**Action item:**
Write out word for word the lines from the one holding "Lunch Box Kotak" through the end of the data, and only those lines. Pictures stay out.

Supplied data Start Marker

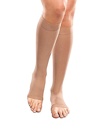 Ease Opaque Open-Toe Knee Highs - 20-30mmHg Moderate Compression Stockings (Sand, Medium Short)
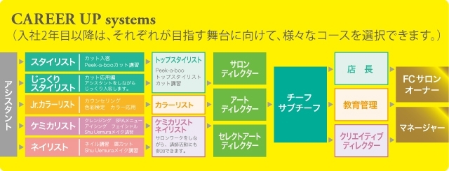 FC制度、クリエイティブ活動の充実、女性支援制度、充実した教育カリキュラムと、明確なキャリアアップシステムを整えています。
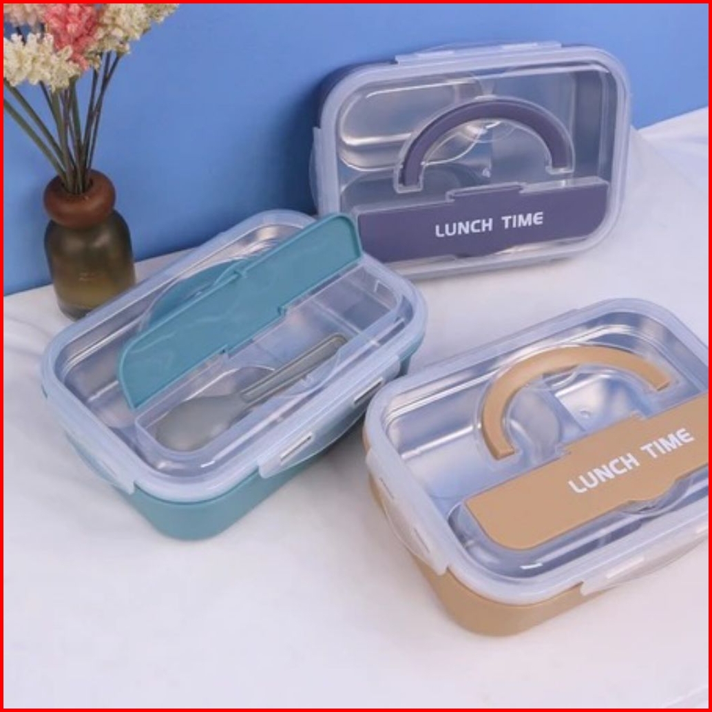 Lunch Box Kotak Bekal Makan 900ml Stainless Steel 3 Lock Bonus Sendok Makan
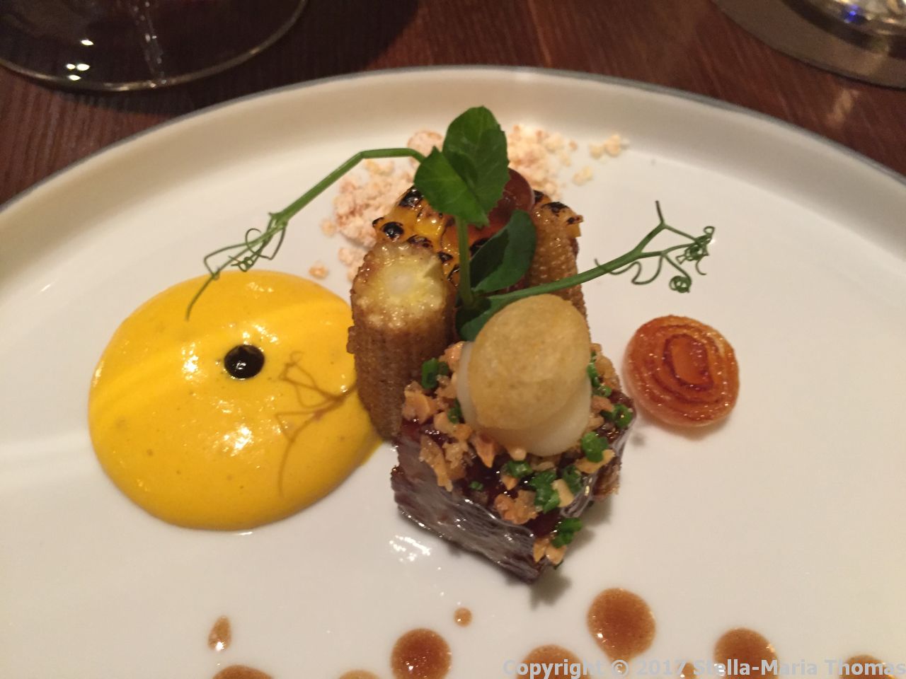 VICTOR’S FINE DINING BY CHRISTIAN BAU – LUMA BEEF, SIRLOIN BBQ AND OXTAIL, CORN STRUCTURES, BLACK GARLIC 028 Posted by Stella on 22/10/2017

Supplied data End Marker

**Exercise output:**
 Lunch Box Kotak Bekal Makan 900ml Stainless Steel 3 Lock Bonus Sendok Makan
 VICTOR’S FINE DINING BY CHRISTIAN BAU – LUMA BEEF, SIRLOIN BBQ AND OXTAIL, CORN STRUCTURES, BLACK GARLIC 028 Posted by Stella on 22/10/2017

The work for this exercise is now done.